Now, remember when I said that **strings** are **immutable**? This means we **CANNOT manipulate strings** permanently **without** having to **reassign** them to the same or another **variable**. This means, using any of these functions **won’t change** the **current value** of the **this_word** variable.

In [4]:
print(this_word)

hello Friend


Now, if we’re going to **reassign** the **variable** to contain the **manipulated string**, that’s the only time the **output _will_ change**. This is **NOT** because we’re able to **change** the string, since strings are **immutable**. What we’re actually doing is we’re **creating a new value** by **reassigning** it to the **this_word** variable.

In [5]:
this_word = this_word.upper()
print(this_word)

HELLO FRIEND


Another common thing we can do with strings is **check** its **characteristics**! These built-in functions all return a **boolean** value of **True** or **False** depending on the characteristic you’re checking for.

First off the list are the **alphanumeric checkers**:
- **isalnum()** - function that checks if the string is composed of either **alphabets** _(from a to z)_,  **numbers** _(from 0 to 9)_, or a combination of **both**
- **isalpha()** - function that checks if the string is composed of **_only_ alphabet characters**
- **isdigit()** - function that checks if the string is composed of **_only_ numbers**

Now, let’s say we have the **this_word** variable with the string value **‘abc123’** and check its value using the three alphanumeric checker functions.

In [7]:
this_word = 'abc123'

print(this_word.isalnum())
print(this_word.isalpha())
print(this_word.isdigit())

True
False
False


As you can see, _only_ **isalnum()** returns **True**. This is because **isalpha()** detected **_digits_** in the string, while **isdigit()** detected **_letters_**! For the latter two to return True, the string should be either **purely letters** or **purely digits**.

Second off the list are the **letter case checkers**: **istitle()**, **isupper()**, and  **islower()**.

Basically, these three functions check if the string is in either **Titlecase**, **UPPERCASE**, or **lowercase**. Now, if we go ahead and use these checker functions on our **lowercase_sentence** variable, but this time with the value **“this is a sentence.”** in lower caps:

In [8]:
lowercase_sentence = "this is a sentence."

print(lowercase_sentence. istitle())
print(lowercase_sentence.isupper())
print(lowercase_sentence.islower())

False
False
True


Only **islower()** returns **True** since the string is neither in **Titlecase** nor in **UPPERCASE**.

Aside from this, we also have functions to check for certain characters in a string: **isspace()**, **endswith()**, and **startswith()**. Just like the rest of the built-in checker functions, this is quite self-explanatory so let’s proceed with an example to understand it better:

In [10]:
print(lowercase_sentence.isspace())
print(lowercase_sentence.endswith('.'))
print(lowercase_sentence.startswith('T'))

False
True
False


As you can see in the **endswith()** and **startswith()** functions, we’re passing the value we’re looking for at the **beginning** and **end** of the **string**. The **isspace()** and **endswith()** functions return **True** since the string **has spaces** and it also **ends with** a **period**. The **startswith()** function, however, returns **False** since the string starts with **_lowercase_ “t”**, **NOT capitalized**. So bear in mind when using **startswith()** and **endswith()** that the **parameter** is **case sensitive**.

Now, did you know that there are other functions available to help you check or find characters in a string?
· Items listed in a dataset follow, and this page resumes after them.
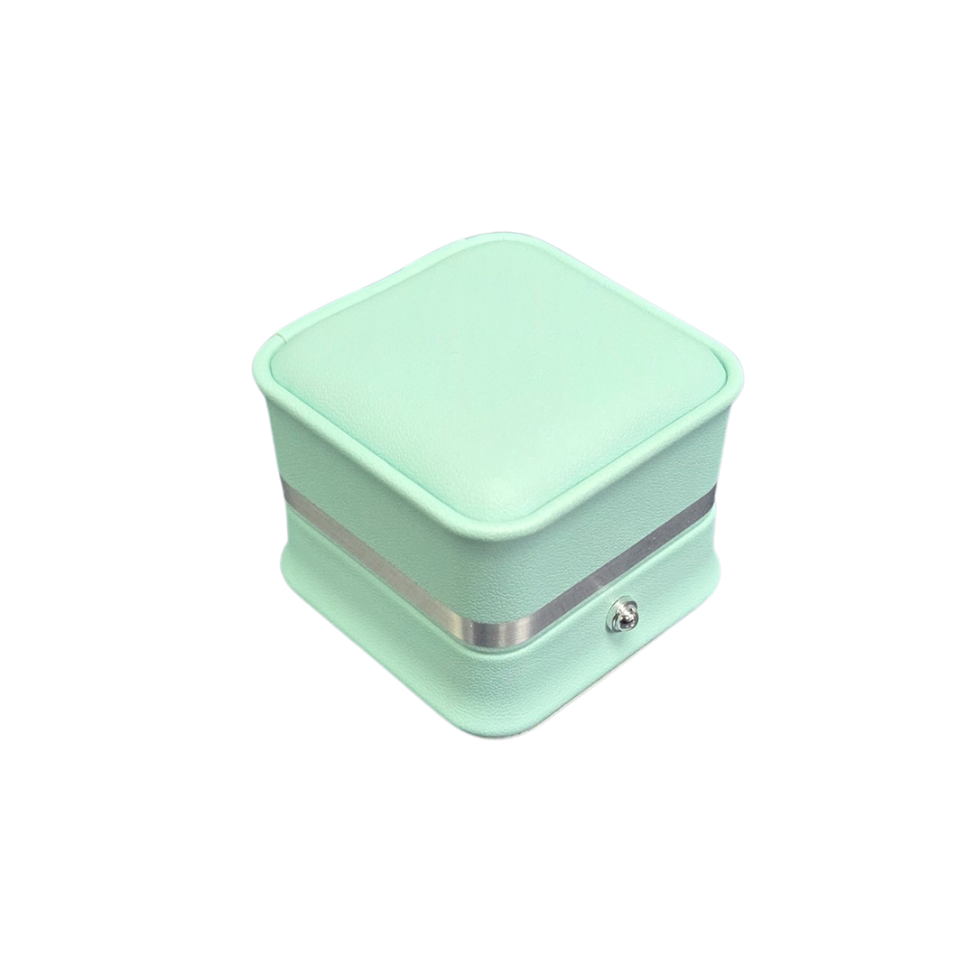 Ring Box, Silver Striped with Curved Features – Mint Leatherette with White Interior – 65 x 65 x 45mm
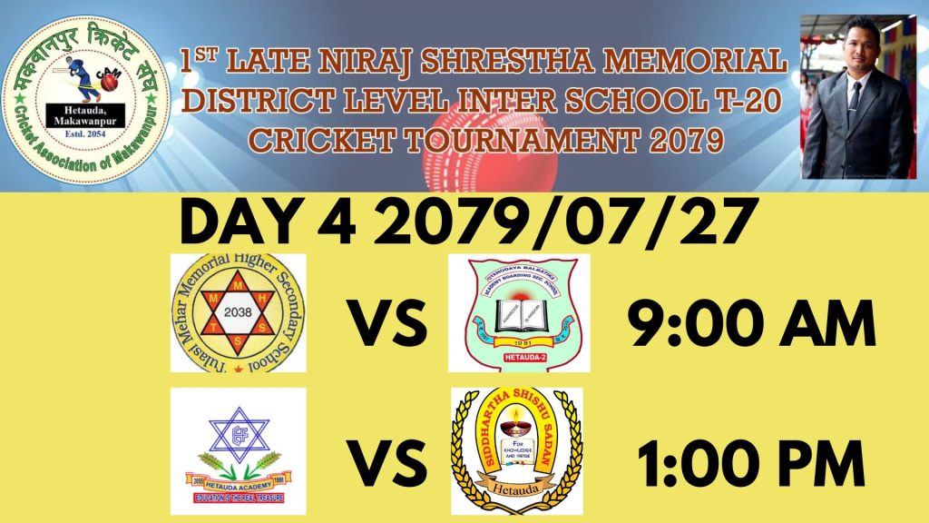 हेटौंडा । हेटौंडा ४ हुप्रचौरमा जारी निरज श्रेष्ठ स्मृति जिल्लास्तरीय अन्तरविद्यालय क्रिकेट प्रतियोगितामा आइतबार भएको दोस्रो खेलमा हेटौंडा एकेडेमी विजयी भएको छ । सिद्धार्थ शिशु सदनलाई ३ विकेटले पराजित गर्दै हेटौंडा एकेडेमी विजयी भएको हो ।
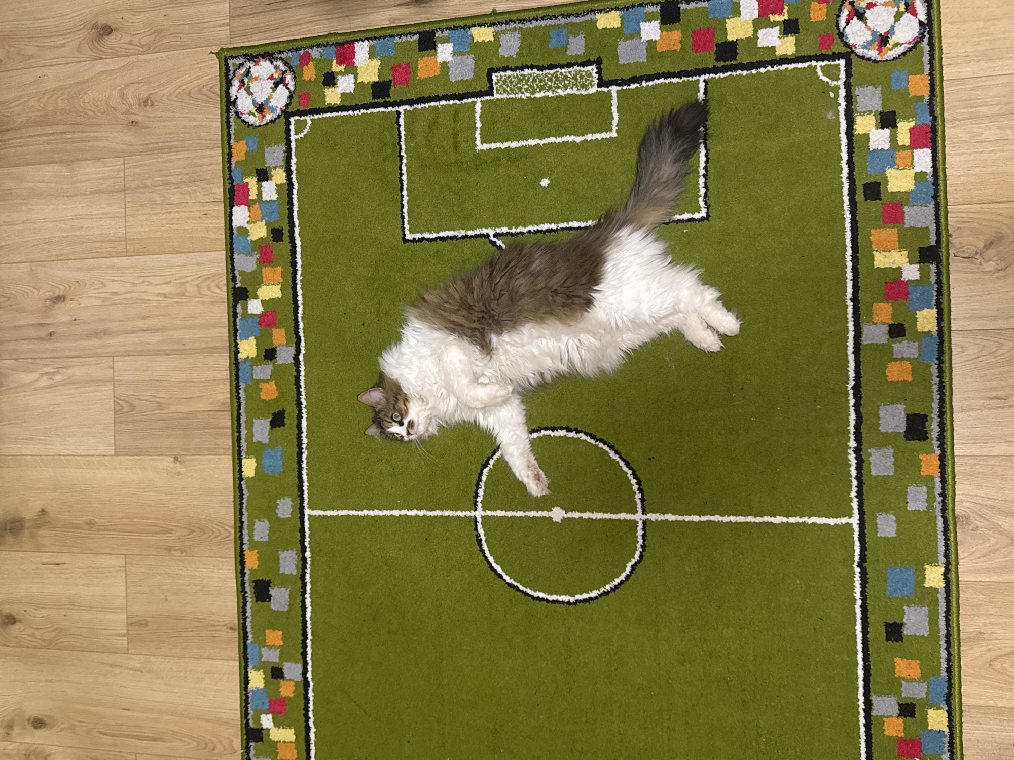 A high-angle, full shot depicts a long-haired, brown-and-white cat lounging on a green rug patterned after a soccer field. The rug features white boundary lines, goals, and a center circle. The rug's border is decorated with colorful square blocks and soccer balls. The rug rests on a wood floor. The location and city are not detectable from this image.

We have the built-in function **find()**. This function lets you **find "substrings”** or a **subset of characters** regardless of its position in the string. It then proceeds to return the **index** of its **first occurrence** if it finds that substring. Let’s try this function to find the substring **“is”** in our **this_word** variable!

In [9]:
this_word = "this is a sentence. this is another sentence!"
print(this_word.find("this"))

0


See how it returned **0**? This is because it’s the **starting index** of the first **“this”** in the **this_word** variable. Let’s verify this by printing the sentence **from index 0 onwards**. Let’s go ahead and type in the name of the variable, which is **this_word**, followed by **square brackets**. Inside the square brackets, let’s type the index returned which is **0**, followed by a **colon**. 

In [3]:
print(this_word[0:])

this is a sentence. this is another sentence!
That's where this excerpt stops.